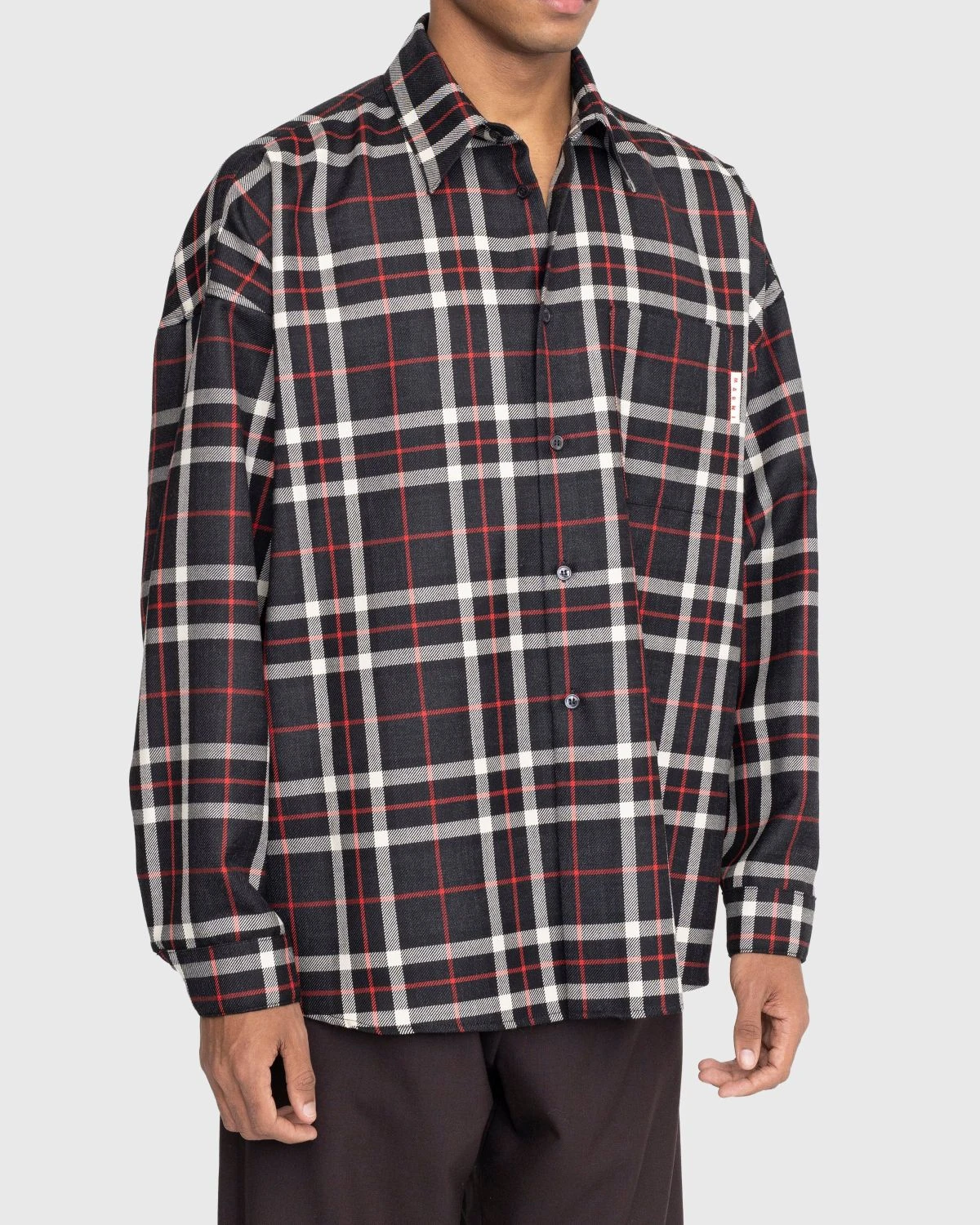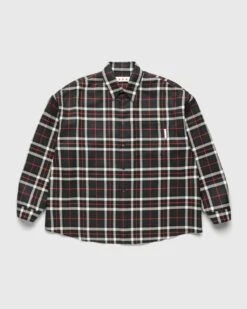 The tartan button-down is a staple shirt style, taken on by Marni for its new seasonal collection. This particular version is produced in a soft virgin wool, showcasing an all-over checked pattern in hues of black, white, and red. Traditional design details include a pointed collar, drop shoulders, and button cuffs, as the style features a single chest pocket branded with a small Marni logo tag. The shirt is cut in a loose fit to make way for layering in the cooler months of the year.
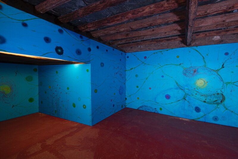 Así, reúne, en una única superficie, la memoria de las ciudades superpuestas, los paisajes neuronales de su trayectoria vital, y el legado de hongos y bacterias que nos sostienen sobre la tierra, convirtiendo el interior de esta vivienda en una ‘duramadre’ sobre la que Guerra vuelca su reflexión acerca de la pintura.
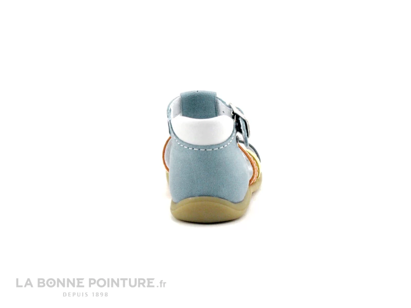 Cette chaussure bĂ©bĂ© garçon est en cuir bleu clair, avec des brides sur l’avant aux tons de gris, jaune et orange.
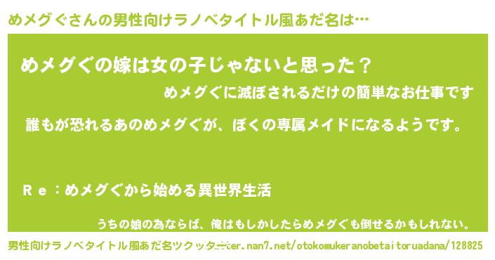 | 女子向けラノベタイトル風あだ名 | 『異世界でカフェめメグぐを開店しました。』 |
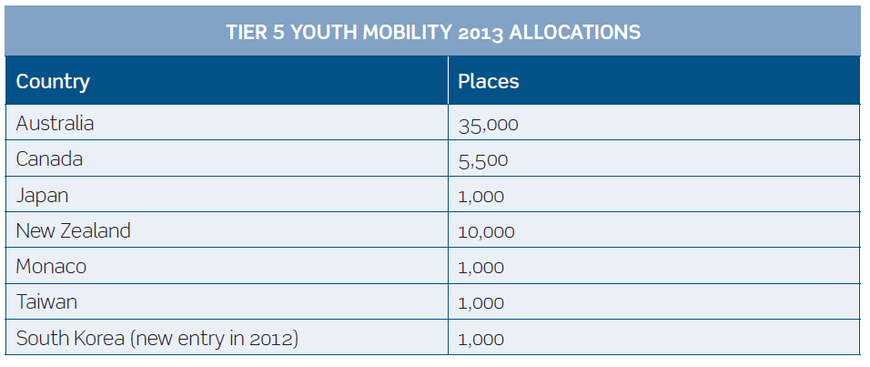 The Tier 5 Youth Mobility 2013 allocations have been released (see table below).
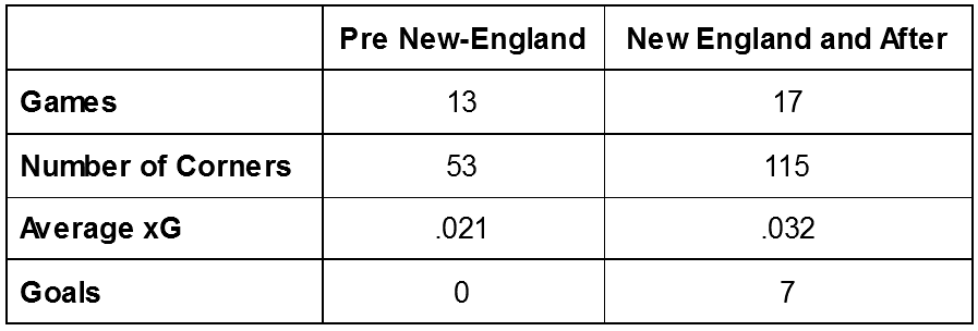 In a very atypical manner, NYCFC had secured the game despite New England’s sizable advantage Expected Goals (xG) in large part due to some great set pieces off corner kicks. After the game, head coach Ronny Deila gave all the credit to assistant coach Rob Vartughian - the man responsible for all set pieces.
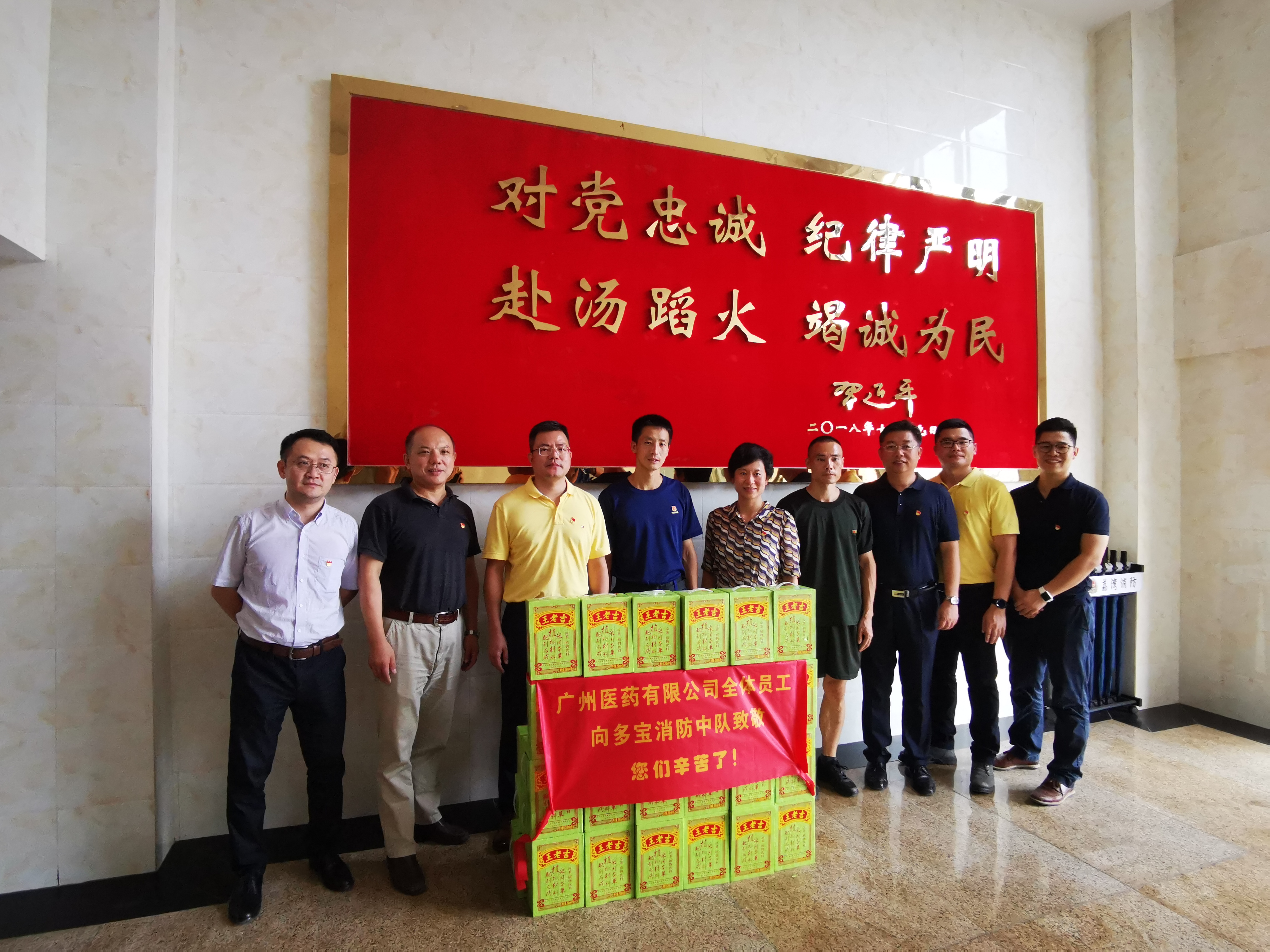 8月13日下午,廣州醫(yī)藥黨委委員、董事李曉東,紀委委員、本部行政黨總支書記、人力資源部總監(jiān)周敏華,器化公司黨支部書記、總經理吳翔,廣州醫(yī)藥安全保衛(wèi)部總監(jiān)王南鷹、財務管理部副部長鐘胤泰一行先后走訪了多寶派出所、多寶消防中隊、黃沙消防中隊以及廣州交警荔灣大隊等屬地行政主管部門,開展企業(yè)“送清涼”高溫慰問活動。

──────

_TASK DIRECTIONS_: Do not copy pictures. Restate exactly the lines from the one containing "女子向けラノベタイトル風あだ名 | 『異世界でカフェめメグぐを開店しました。』 |" through the last line of the records.

_ANSWER TO THIS EXERCISE_:
 | 女子向けラノベタイトル風あだ名 | 『異世界でカフェめメグぐを開店しました。』 |
 The Tier 5 Youth Mobility 2013 allocations have been released (see table below).
 In a very atypical manner, NYCFC had secured the game despite New England’s sizable advantage Expected Goals (xG) in large part due to some great set pieces off corner kicks. After the game, head coach Ronny Deila gave all the credit to assistant coach Rob Vartughian - the man responsible for all set pieces.
 8月13日下午,廣州醫(yī)藥黨委委員、董事李曉東,紀委委員、本部行政黨總支書記、人力資源部總監(jiān)周敏華,器化公司黨支部書記、總經理吳翔,廣州醫(yī)藥安全保衛(wèi)部總監(jiān)王南鷹、財務管理部副部長鐘胤泰一行先后走訪了多寶派出所、多寶消防中隊、黃沙消防中隊以及廣州交警荔灣大隊等屬地行政主管部門,開展企業(yè)“送清涼”高溫慰問活動。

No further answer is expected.